Ao lado de autoridades como Floro Bartolomeu, fazendeiro e político

Para aquela gente ignara, que nada entendia de Teologia nem de Evangelho, mas sentia na própria carne o sofrimento que o Padre procurava amenizar, para muitos deles “Padim Ciço” passou a ser uma das três pessoas de uma nova santíssima trindade por eles criada: Deus - Nossa Senhora das Dores - Padre Cícero. Ele não queria isso, sempre disse nunca haver querido isso. Não os incentivou diretamente ao fanatismo e, muito menos, ao endeusamento de sua pessoa. Errou, porém, porque mesmo excluindo-se da santíssima trindade, que se forjou na Nova Jerusalém, fruto da ignorância daquela gente, não passou ele também uma esponja naquela crença absurda de que todo sacerdote católico é um outro Jesus Cristo aqui na Terra, um legítimo representante de Deus, que lhe teria outorgado todo o poder de perdoar pecados e de fornecer passaporte indulgencial para a entrada direta no Céu.

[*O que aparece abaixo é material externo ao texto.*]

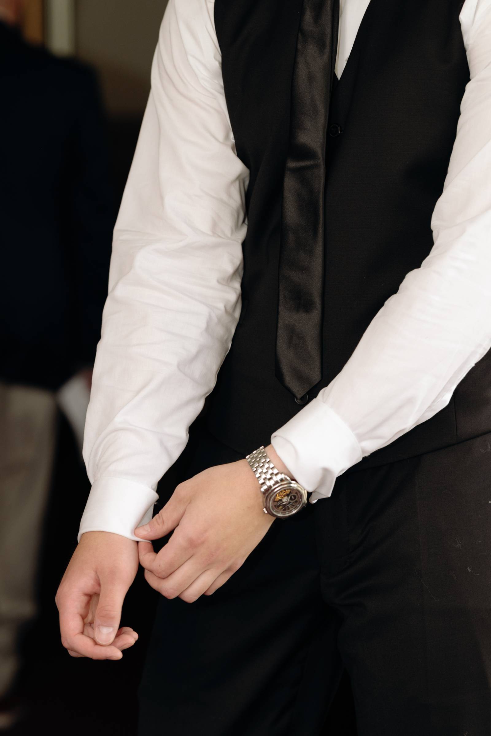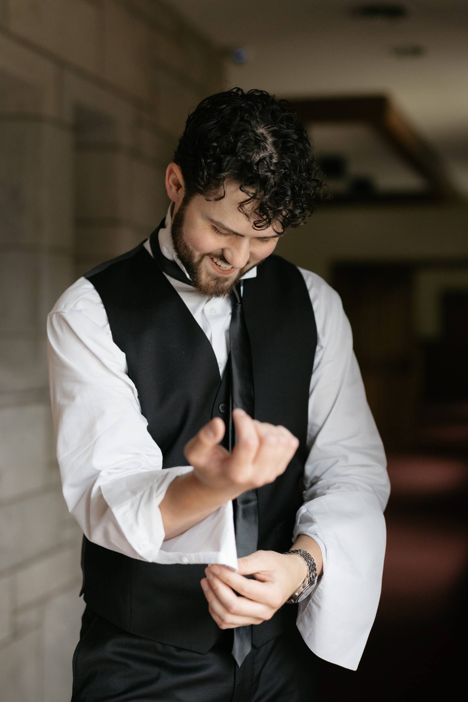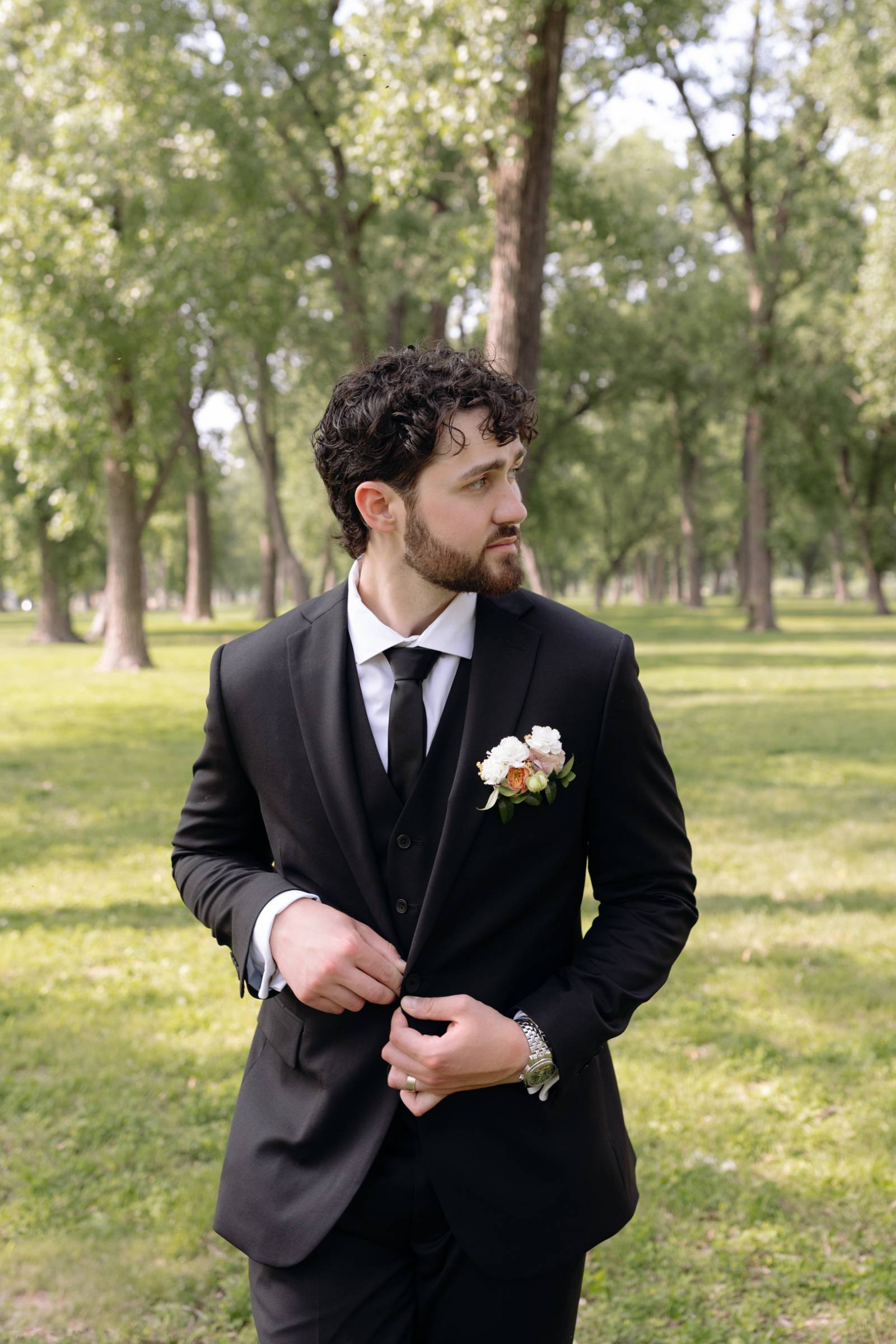 Jake and his groomsmen wore black suits from Men’s Wearhouse, with white undershirts, black ties, and pocket florals. For a slight differentiation, Jake also wore a black vest, visible beneath his suit coat.
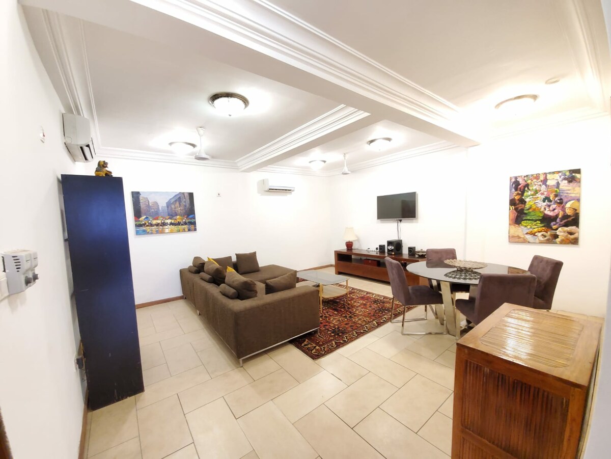 Nuestro amplio,limpio y cómodo apartamento de 2 dormitorios está en el segundo piso, seguro con ventilación natural en el corazón de Kumasi. Básicamente a 5 minutos en coche de todos los lugares principales de Kumasi, incluido un hermoso campo de golf. Cada habitación ha sido cuidadosamente diseñada para la comodidad y las camas se han colocado con sábanas de algodón frescas. Este apartamento es perfecto para parejas, familias y amigos. También hay personal disponible para ayudar con la limpieza, los servicios de lavandería y bricolaje con un bajo cargo adicional.
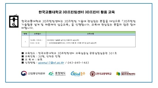 [대학저널 오혜민 기자] 한국교통대학교(총장 박준훈) 3D프린팅센터(센터장 박성준)가 오는 7월 24일부터 2일 간 3D프린팅 기술활용설계 및 제품제작실습교육을 산업체 재직자 및 일반인을 대상으로 진행한다.
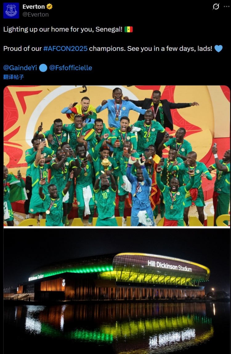 埃弗顿社媒也晒出主场呈现塞内加尔国旗配色的灯光秀,并送上祝贺:“塞内加尔,我们为你而点亮家园!为我们的非洲杯冠军们感到骄傲!几天后见,伙计们! 💙”
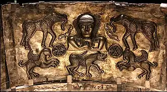 Na elemencie B widnieje popiersie bogini, po jej obu stronach znajdują się koła o sześciu szprychach i mityczne zwierzęta: dwa stworzenia podobne do słoni i dwa gryfy. Pod jej postacią znajduje się duży pies lub wilk[4].
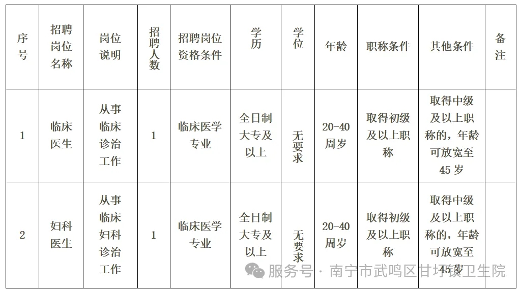原文標(biāo)題:南寧市武鳴區(qū)甘圩鎮(zhèn)衛(wèi)生院2025年第三次公開招聘編外工作人員公告
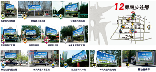 商丘戶外led電子屏點位介紹-12屏同步聯播

Era isso o que o clero ensinava ao povo. “O que o padre ligar na Terra será ligado ao Céu, e o que desligar aqui será desligado lá também”. Era isso o que mais ciosamente era doutrinado aos profitentes do Catolicismo. Não a redenção de que nos fala o Sermão da Montanha, mas, sim, uma redenção que encobria interesses escusos. Não a salvação pelo poder do Cristo que habita cada um de nós - Cristo-redenção, teo-redenção. Para eles, analfabetos das Bem-aventuranças, só o poder do padre era capaz de levar alguém ao Céu. Era a clero-redenção. Isso o que a Igreja ensinava. E Padre Cícero, fiel aos ensinamentos, não teve força nem vontade suficientes para coibir o fanatismo que iria fatalmente redundar no seu endeusamento por aqueles que o amavam. É que ele próprio também acreditava na sua função sacerdotal de outro Cristo. Só não sabia se isso iria suscitar, como suscitou, inveja entre seus colegas de sacerdócio. E assim, sendo ele, indiretamente, o agente, a causa eficiente da operação, foi, também, diretamente, a sua maior vítima, a principal vítima do seu endeusamento perante a multidão de romeiros. Um endeusamento que lhe custou muito caro, pois redundou, finalmente, no seu “endemoniamento”  diante das autoridades diocesanas.